Cézar Freitas
2008-Oct-01 12:21 UTC
[R] "tapply versus by" in function with more than 1 arguments
Hi. I searched the list and didn't found nothing similar to this. I
simplified my example like below:
#I need calculate correlation (for example) between 2 columns classified by a
third one at a data.frame, like below:
#number of rows
nr = 10
#the third column is to enforce that I need correlation on two variables only
dataf =
as.data.frame(matrix(c(rnorm(nr),rnorm(nr)*2,runif(nr),sort(c(1,1,2,2,3,3,sample(1:3,nr-6,replace=TRUE)))),ncol=4))
names(dataf)[4] = "class"
#> dataf
# V1 V2 V3 class
#1 0.56933020 1.2529931 0.30774422 1
#2 0.41702299 -1.6441547 0.76140046 1
#3 -1.07671647 -4.8747575 0.43706944 1
#4 -1.97701167 1.3015196 0.04390175 2
#5 0.56501325 1.8597720 0.08174124 2
#6 0.70068638 1.7922641 0.74730126 2
#7 -1.39956177 -1.9918904 0.64521918 3
#8 0.27086664 0.3745362 0.61026133 3
#9 0.04282347 3.7360407 0.48696109 3
#10 -0.34262654 0.7933674 0.09824913 3
#I tried:
tapply(dataf$V1, dataf$class, cor, dataf$V2)
#Error FUN(X[[1L]], ...) : incompatible dimensions
tapply(dataf$V1, dataf$class, cor, tapply(dataf$V2, dataf$class))

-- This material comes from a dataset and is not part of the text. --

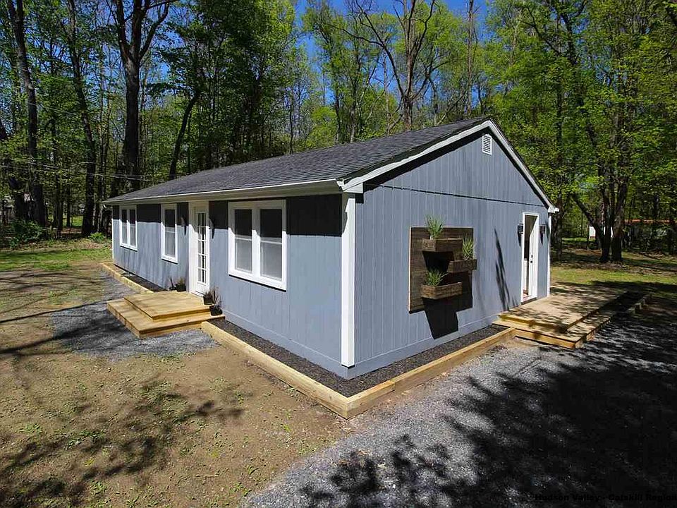 Gently tucked away on a private lot here in the quaint Hamlet of Tillson, just ten minutes from the Village of New Paltz, stands a contemporary single-level ranch. Flawlessly nestled amongst a clan of mature trees that have been around longer than you or I, this modern yet warm and inviting oasis awaits your arrival. Upon reaching the driveway, you'll notice the subtle yet dramatic touches that lend this home to feel natural in its stance. Tip top to the very bottom, extreme care and craftsmanship has been implemented in certainty for a long life and quiet enjoyment for years to come. Only beginning to touch upon the topic, updates are as follows: 30yr Architectural Roof, Siding and Underlayment, efficiency doors and windows and a sprawling craftsman deck. Once inside, you'll marvel at the modern amenities and open floor plan. Stainless steel high-end appliances decorate the kitchen leading into the dining room adjacent to the vaulted living room. Clean recessed accent lighting awaits the ability to showcase a broad spectrum of creativity. Installed and included are as follows: Digital and Smart Compatible washer and dryer, 5-burner grill-top propane stove and vented microwave. The entire home has been re-plumbed with the efficiency of pex and a state-of-the-art Navien on-demand combination hot water and boiler unit. Flawless corners and trim are ready for your personal touch. Turn-key does not begin to describe the functionality and practicality of this home. Whether you're looking for a weekend retreat or first-time home... you can look forward to years of use without the worry of maintenance.

#Error FUN(X[[1L]], ...) : incompatible dimensions
#But using "by" I obtain:
by(dataf[,c("V1","V2")], dataf$class, cor)
#dataf$class: 1
# V1 V2
#V1 1.00000 0.91777
#V2 0.91777 1.00000
#--------------------------------------------------------------------------------------------------
#dataf$class: 2
# V1 V2
#V1 1.000000 0.987857
#V2 0.987857 1.000000
#--------------------------------------------------------------------------------------------------
#dataf$class: 3
# V1 V2
#V1 1.0000000 0.7318938
#V2 0.7318938 1.0000000
#My interest is on cor(V1,V2)[1,2], so I can take 0.91777, 0.987857 and
0.7318938, but I think that tapply can works better, if I can solve the problem.
Thanks,
Cezar
Novos endereços, o Yahoo! que você conhece. Crie um email novo com a sua
cara @ymail.com ou @rocketmail.com.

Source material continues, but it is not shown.